The idea of merging began when Rev. Todd Williams was taking a detour through Bristol one day and stumbled upon a “for sale” sign in front of Bristol Baptist Church, located at 43 School St.
As Wolcott Bible was looking to relocate in a larger building located on a main road, joining both churches seemed to be the solution. At the same time, Bristol Baptist Church, now 225 years old, was becoming smaller, and could no longer afford to keep going, said long-time church member Ruth Boss.
“We [Wolcott Bible Church] had been looking to relocate our church for awhile now to find a place that’s on a more main road,” said Williams, who has been the pastor of Wolcott Bible Church for 10 years now. “It seemed to be a perfect fit.”
Starting last June, both churches began an informal merger for seven months.
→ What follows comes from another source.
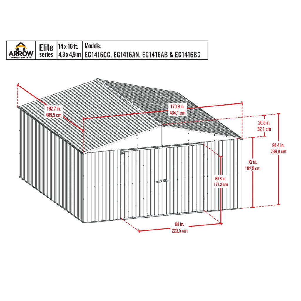 Arrow Elite Steel Storage Shed 14 x 16 ft.

They called the experiment “synergy,” so that by coming together, both churches would be better together, said Williams.
“There were a lot of questions both congregations had,” said Williams. “We just jelled so well together, it was evident probably within the first month or two that we all really liked it.”
Brian Evelich, who has served as chairman of the deacon board at Wolcott Bible, said to describe the transition of the merge as “smooth” is an understatement, adding that Bristol Baptist opened its arms.
“It was very seamless,” said Evelich.
After the trial merger, both churches voted at the end of January to make the collaboration official. The merger also will result in a new name—one that both churches will share.
Established in 1960, Wolcott Bible Community Church began in a small stone church (which is now the senior center), and ultimately moved to the north end of Wolcott near Cedar Lake. Williams is the third generation pastor of the church, as his grandfather, Rev. Gerald Williams, was the founding pastor. After his retirement, Rev. Burton Williams (Todd’s father) became the pastor for over 30 years before he was a missionary to street children in the capital of the Philippine Islands, Manila.
“It’s cool to see what God started…and see how it keeps on growing and growing,” said Williams.
Since the merger, both congregations have seen positive changes. Both churches have now grown in size on Sunday mornings. Evelich added that since the merger, churchgoers who initially worshipped on an occasional basis are now popping in more regularly. Boss added that more young people have come to church, especially children, which brings a whole new level of energy and passion.
Williams said this kind of growth has added more energy on Sundays, especially with the church music.
“It’s been a lot of fun,” said Williams, adding how the merger also has resulted in more outreach in the community.
“We’ve had a bunch of people throw their hat in the mix,” said Evelich, adding how younger people have become more involved. “It seemed to energize both bodies to really do more.”
Looking ahead, Bristol Baptist Church hopes to delve deeper into missionary work, which is something that Wolcott Bible has embraced, said Boss. Evelich is the Connecticut state director of Child Evangelism Fellowship (C.E.F.), the largest children’s ministry worldwide that Wolcott Bible has a long history of working with and supporting. Other ministries that church members are involved in are Hope Pregnancy Center, Samaritan’s Purse, and Acts 4, which supports low income families and individuals in the greater Waterbury area through the collection and distribution of re-usable clothing and furniture. One church member partnered with Youth Assured Ministries and opened a drug rehabilitation house while teaching school in Monrovia.
In addition, the church has opened its building to six different groups and organizations, allowing them to use its meeting space.
Williams said their church is not about a denomination, but rather more about what Jesus taught and how he lived his life.
“We encourage [ministry work] by getting involved. We’re not just a church that supports missions, we’re a church that’s on a mission,” said Williams, adding that their church is very open. “We’re on a mission to proclaim the love of Jesus Christ to everybody…by our example, and to raise the character of our community.”
“We just want to be a reflection of the totality of who Jesus is in the community,” added Evelich.